REQUIRED ACTION> For this exercise, return all the data word for word, with images left out.

THE DATA>
────────────────
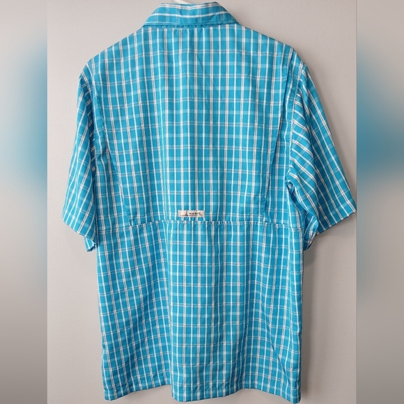 Habit mens Medium blue plaid button down short sleeve shirt fishing vented spf
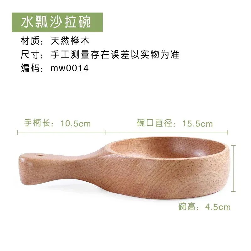 工場直販のブナ木製ボウルハンドル付きフルーツサラダボウル多機能木製ボウル木製食器卸売
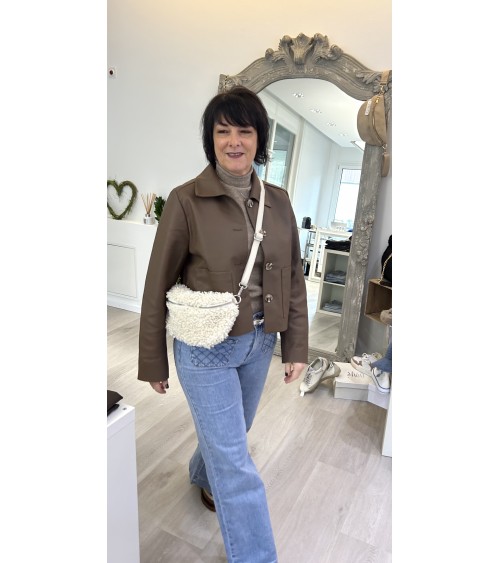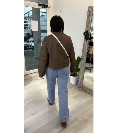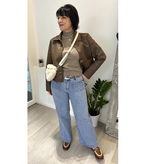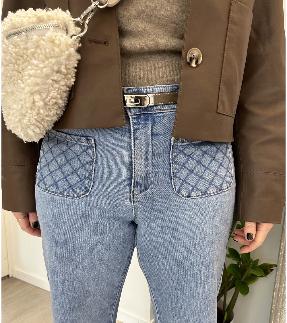 Deux poches avant avec couture à chevrons et deux poches à l'arrière. Fermeture par zip et bouton. Taille moyenne.
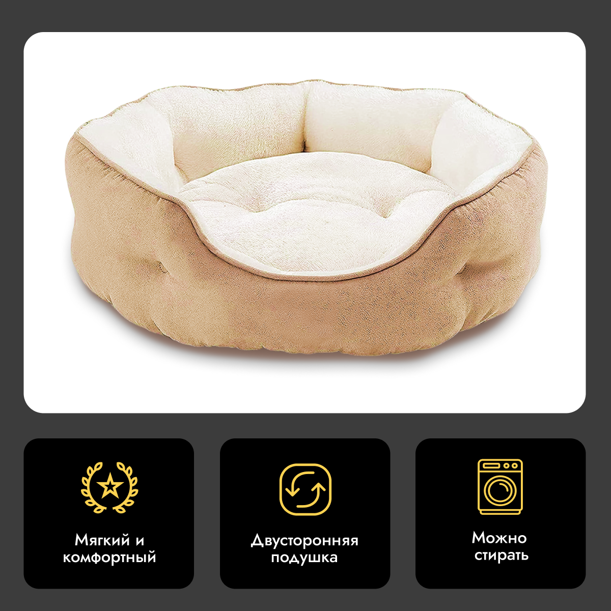 Отзывы на Лежанка для животных, кошек и собак, Мягкая, Бежевая, S (50x48x15 см)
────────────────
YOUR SOLUTION>
 Habit mens Medium blue plaid button down short sleeve shirt fishing vented spf
 工場直販のブナ木製ボウルハンドル付きフルーツサラダボウル多機能木製ボウル木製食器卸売
 Deux poches avant avec couture à chevrons et deux poches à l'arrière. Fermeture par zip et bouton. Taille moyenne.
 Отзывы на Лежанка для животных, кошек и собак, Мягкая, Бежевая, S (50x48x15 см)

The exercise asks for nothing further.